We initiated this series in a blog that summarized themes and insights included in all ten of our predictions. 

Part One of the series highlighted what industry and global supply chain management teams should expect from a global economic outlook perspective.

Part Two highlighted our prediction of alarming talent needs among all functional and technical support areas of supply chain management.

Part Three of the series addressed unprecedented levels of global supply network challenges that can be expected in the coming year.

Part Four highlighted a continuing prediction that the threat of cyber-attacks involving supply chain management processes are inevitable.

Part Five addressed areas of supply chain management digital transformation and the need for strategic and tactical business cases.

Part Six highlighted our carry-over prediction related to various multi-industry supply chain transitions toward Digitally-Enabled Response Networks.

 

2019 Prediction Seven: Continued Shifting of Business Focused Advanced Technology Investment Priorities and Added Supply Chain Management Focused Technology Market Developments.

As to what occurred in 2018, we predict that 2019 will present various industry supply chain management teams with the need to shift advanced technology investment priorities based on individual line-of-business or industry-specific priorities. Priorities will come from external and internal business needs and developments as referenced in our other 2019 predictions:

Prediction One indicated a lot of caution on the part of senior business and financial executives to hold-off on major investment or change initiatives pending some signs of stability in overall geo-political and trade environments.
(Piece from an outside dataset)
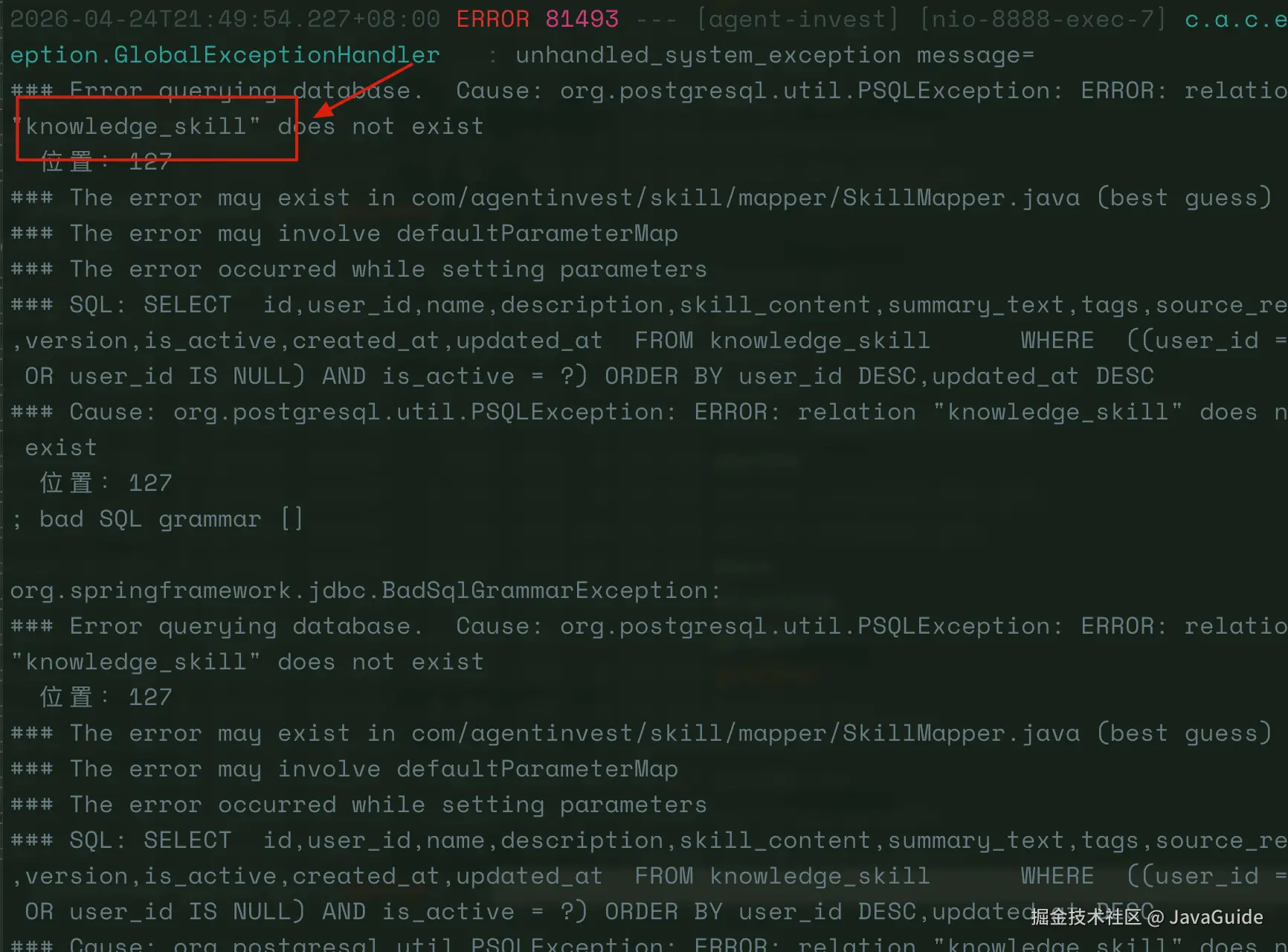 DeepSeek V4 Pro 的分析很到位: V2__knowledge_skill.sql 没有被挂载到 Docker 容器中,项目也没有引入任何数据库迁移工具 ,而 init.sql 是在容器启动时自动执行的------这是 Docker Compose 配置里写死的。

Prediction Five calling for revised digital transformation roadmaps based on line-of-business, talent and business process prioritization, which will surely influence advanced technology investment and market growth timelines.

Prediction Six calling for the multi-year transition to Digitally Enabled Responsive Networks in supporting Omni-Channel customer fulfillment needs.

Each of these prior predictions and other specific business factors add weight or deterrence to technology investment priorities in the coming year.

What will be clear, however, is that technology investment will serve as a core tenet for continued industry competitiveness and innovation.

 

Data Governance and Management

Building concerns and legislative efforts directed on the overall accountability of safeguarding personal and customer data will be another determinant. The European Union’s General Data Protection Regulation (GDPR) adopted in May 2018 may well be the forerunner to other significant country, state legislative mandates that will occur in 2019. The continuing fallout as government and business interests gain more understanding of the growing scope of cyber-security threats, adds to the increased emphasis of having a defined and effective data protection plan for any major business. Data protections invariably lead to the supply and customer focused networks, and thus supply chain management teams will be caught in the middle of such forces, causing redirection of technology priorities that are likely top-down initiated.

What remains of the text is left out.